> _Problem details_:
Once the pictures are set aside, reproduce the remaining data exactly.
*** Data excerpt ***
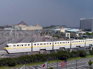15時に早々ホテル到着。ホテルの前にはすでにモノレールが試運転を開始していた。
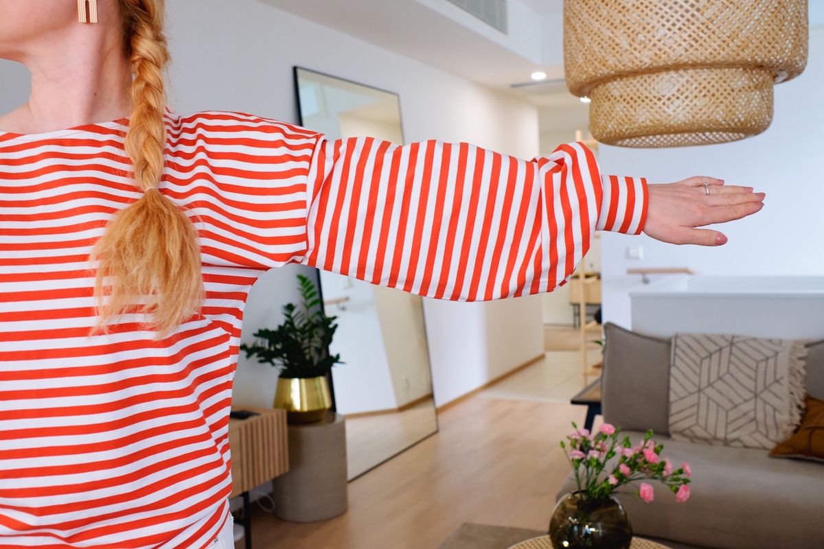 Kumpikin meistä valitsi punaokran värisillä raidoilla varustetun Sohvi-trikoopuseron, jonka puhvihihat tekevät vaatteesta persoonallisen. Paita on myös mukavan väljä, joten se päällä on rento olo myös Wolt-lounaan supermakean (ja ison) jälkkärikakkupalan jälkeen.
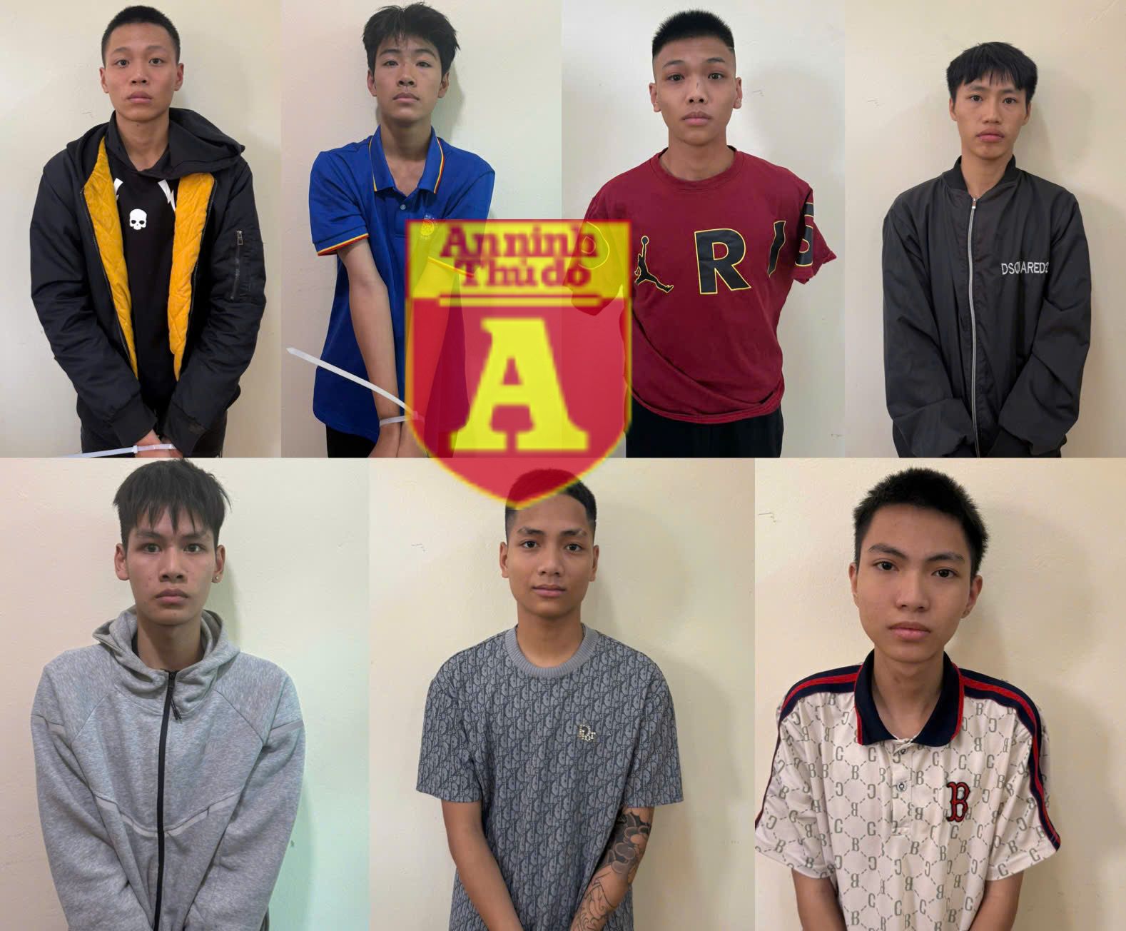 Các đối tượng bị bắt giữ gồm Nguyễn Triệu Đăng Quang, SN 2008, trú tại phường Thanh Xuân; Nguyễn Văn Dũng, SN 2008, trú phường Đại Mỗ; Đỗ Duy Hưng, SN 2008, trú phường Tây Mỗ; Nguyễn Công Minh, SN 2005, trú phường Xuân Đỉnh; Nguyễn Tuấn Vũ, SN 2009, quê Ninh Bình, hiện ở xã An Khánh; Nguyễn Xuân Hồng, SN 2009, trú phường Đại Mỗ và Nguyễn Quang Huy, SN 2008, trú phường Xuân Phương, Hà Nội.
***
> _Solution to this problem_:
15時に早々ホテル到着。ホテルの前にはすでにモノレールが試運転を開始していた。
 Kumpikin meistä valitsi punaokran värisillä raidoilla varustetun Sohvi-trikoopuseron, jonka puhvihihat tekevät vaatteesta persoonallisen. Paita on myös mukavan väljä, joten se päällä on rento olo myös Wolt-lounaan supermakean (ja ison) jälkkärikakkupalan jälkeen.
 Các đối tượng bị bắt giữ gồm Nguyễn Triệu Đăng Quang, SN 2008, trú tại phường Thanh Xuân; Nguyễn Văn Dũng, SN 2008, trú phường Đại Mỗ; Đỗ Duy Hưng, SN 2008, trú phường Tây Mỗ; Nguyễn Công Minh, SN 2005, trú phường Xuân Đỉnh; Nguyễn Tuấn Vũ, SN 2009, quê Ninh Bình, hiện ở xã An Khánh; Nguyễn Xuân Hồng, SN 2009, trú phường Đại Mỗ và Nguyễn Quang Huy, SN 2008, trú phường Xuân Phương, Hà Nội.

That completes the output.